Olbermann to Esquire Magazine: 'I’ve Never Fought the Word Genius' Applied to Me

January 18th, 2014 11:32 PM

On the cover of the latest Esquire magazine is this quote from ESPN  host Keith Olbermann: "I’ve never fought the word genius when people have said that about me." In a "What I've Learned" interview, Olbermann added, "But what it is is instinct and a set of skills that are working so fast you don’t know they’re working."

Keith also declared "I have a leafy brain, according to the theory of the leafy brain. I associate things that many people never put together." This sounds like someone's brain on leaves...and a lighter.
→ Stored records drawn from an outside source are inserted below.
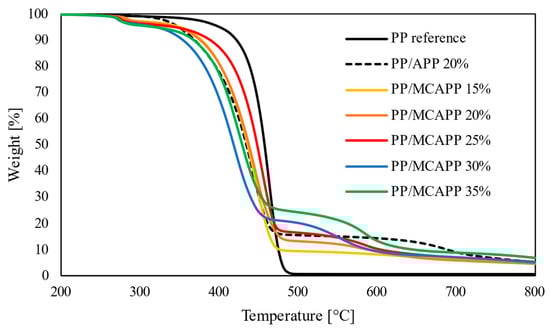 The decomposition curves of the reference sample and the flame-retarded composites are shown in Figure 6. The thermal decomposition of neat PP started at a temperature around 350 °C, higher than the flame-retarded composites, but it degraded completely in one step by 500 °C, leaving no mass residue. The addition of flame retardants shifted the decomposition temperatures to the lower temperature range; however, it significantly slowed down the decomposition rate as well. The composite samples degraded in several steps and yielded higher residual masses which are not attributable to the mass of added flame retardants in the composites, but rather to the beneficial interaction of the PU shell on the APP core in the microcapsules.
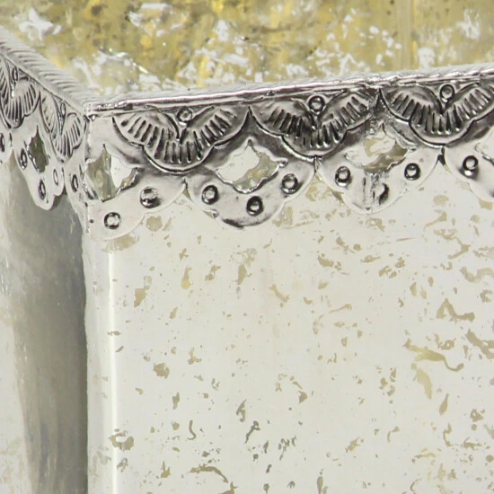 - Each candle holder features a metallic silver finish with light gold speckles
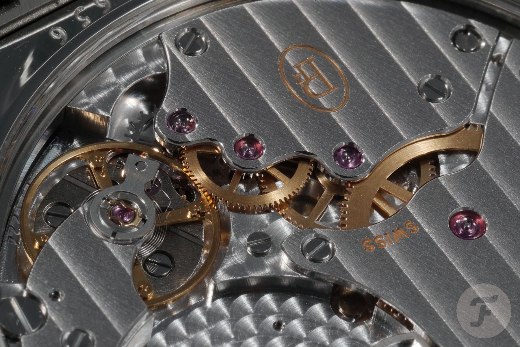 Parmigiani’s base movement, the PF703, is an impressive piece of engineering. It offers a micro-rotor (the name of the watch already disclosed this) and a good dose of traditional finishing. Viewing the watch’s case from the side hints at the fact that it is an ultra-thin movement.
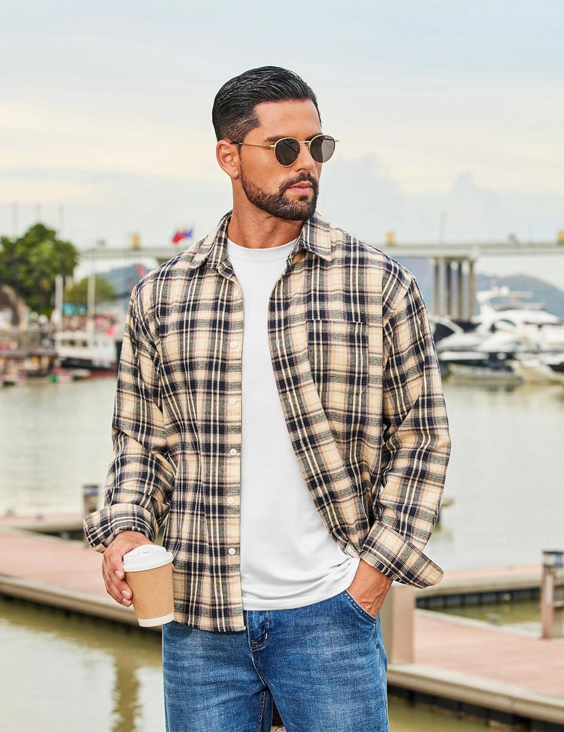 COOFANDY Mens Long Sleeve Tee Shirts Stretch Crew Neck Thermal Shirts Casual T Shirts for Men(A-white)

He is always the adult in the room, and there is no one dumber than television executives, who have just never figured out how the word genius applies to him: "Don’t assume that anybody above you actually knows what they’re doing. And if you find somebody who does, stick to them like glue. Because the further you go into your career, the more you will discover to your absolute horror that you are the adult."

In this "Deep Thoughts with Jack Handey" narrative, Olbermann actually suggests that he has great control over his anger:

Your anger will cool into hardened passionate insight if you wait a day. Most of the things that make me angry, I try to let them sit. The heat that remains will be sufficient. The stuff that evaporates is the stuff that would have simply offended or made it histrionic.

And who has EVER accused Keith Olbermann of being histrionic? Or offensive? Or histrionically offensive?

We've largely avoided commenting on Olbermann since he hasn't been really political since his return to sports talk, but there is this one liberal utterance to Esquire:

I ran into somebody I knew since the seventies who had to sell his house because his daughter had Lyme disease and the insurance had run out. That’s an absolute failure of society.